The only argument left against allowing Miss Cossey to marry a man is the fact that biologically she is considered not to be a woman. But neither is she a man, after the medical treatment and surgery. She falls somewhere between the sexes. In this situation a choice must be made and the only humane solution is to respect the objective fact that, after the surgical and medical treatment which Miss Cossey has undergone and which was based on her firm conviction that she is a woman, Miss Cossey is psychologically and physically a member of the female sex and socially accepted as such.

It should also be borne in mind that Miss Cossey has no possibility of marrying unless she is allowed to marry a man as she wishes. It would be impossible, both psychologically and physically, for her to marry a woman. There would certainly also be doubts as to the legality of a marriage of this kind.

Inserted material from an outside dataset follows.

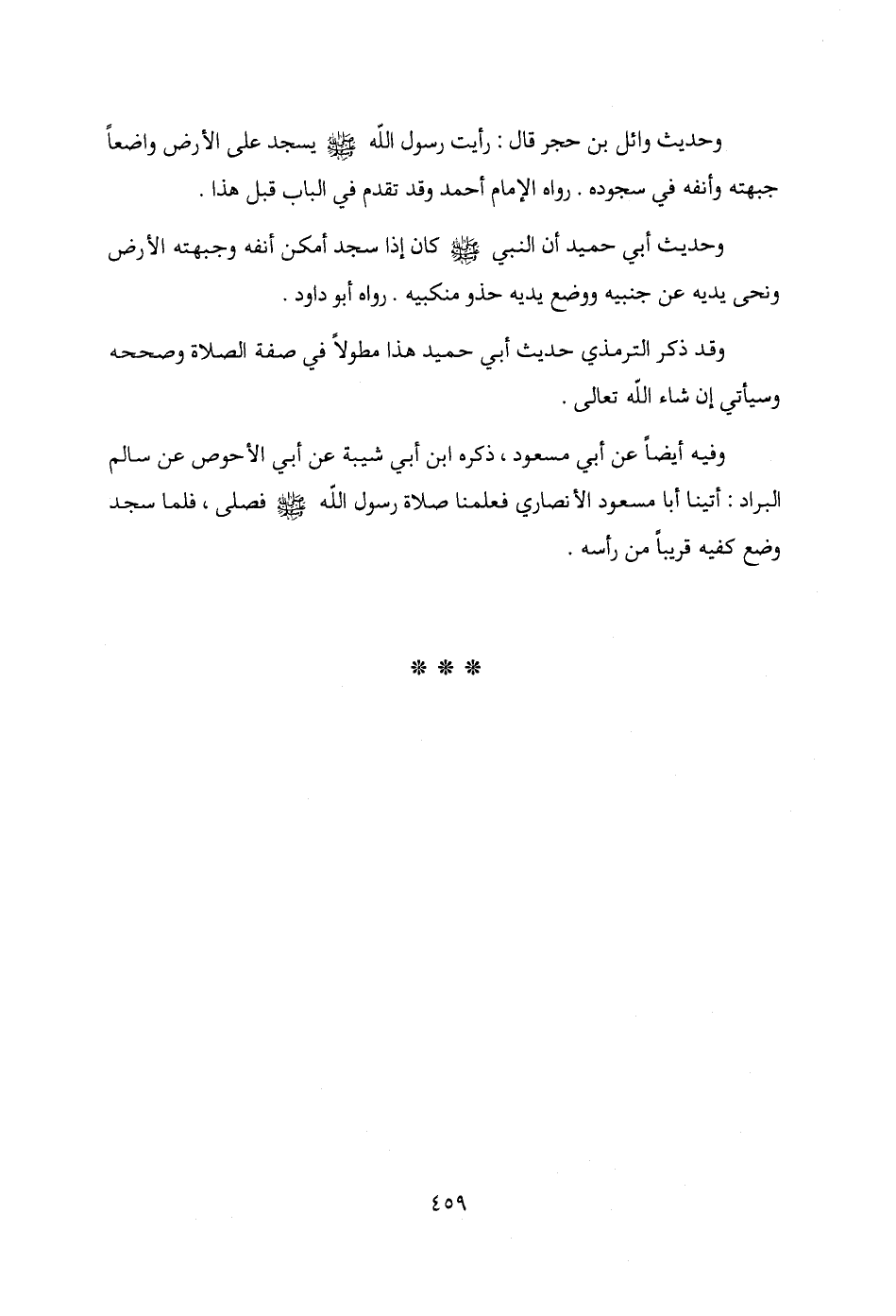 وحديث وائل بن حجر قال: رأيت رسول الله - صلى الله عليه وسلم - يسجد على الأرض واضعًا جبهته وأنفه في سجوده، رواه الإمام أحمد وقد تقدم في الباب قبل هذا.

6. For these reasons we are of the opinion that in the present case there is a violation of Articles 8 and 12 (art. 8, art. 12) of the Convention.

 



* The case is numbered 16/1989/176/232.  The first number is the case's position on the list of cases referred to the Court in the relevant year (second number).  The last two numbers indicate the case's position on the list of cases referred to the Court since its creation and on the list of the corresponding originating applications to the Commission.

** The amended Rules of Court which entered into force on 1 April 1989 are applicable to the present case.

* Note by the Registrar.  For practical reasons this annex will appear only with the printed version of the judgment (volume 184 of Series A of the Publications of the Court), but a copy of the Commission's report is obtainable from the registry.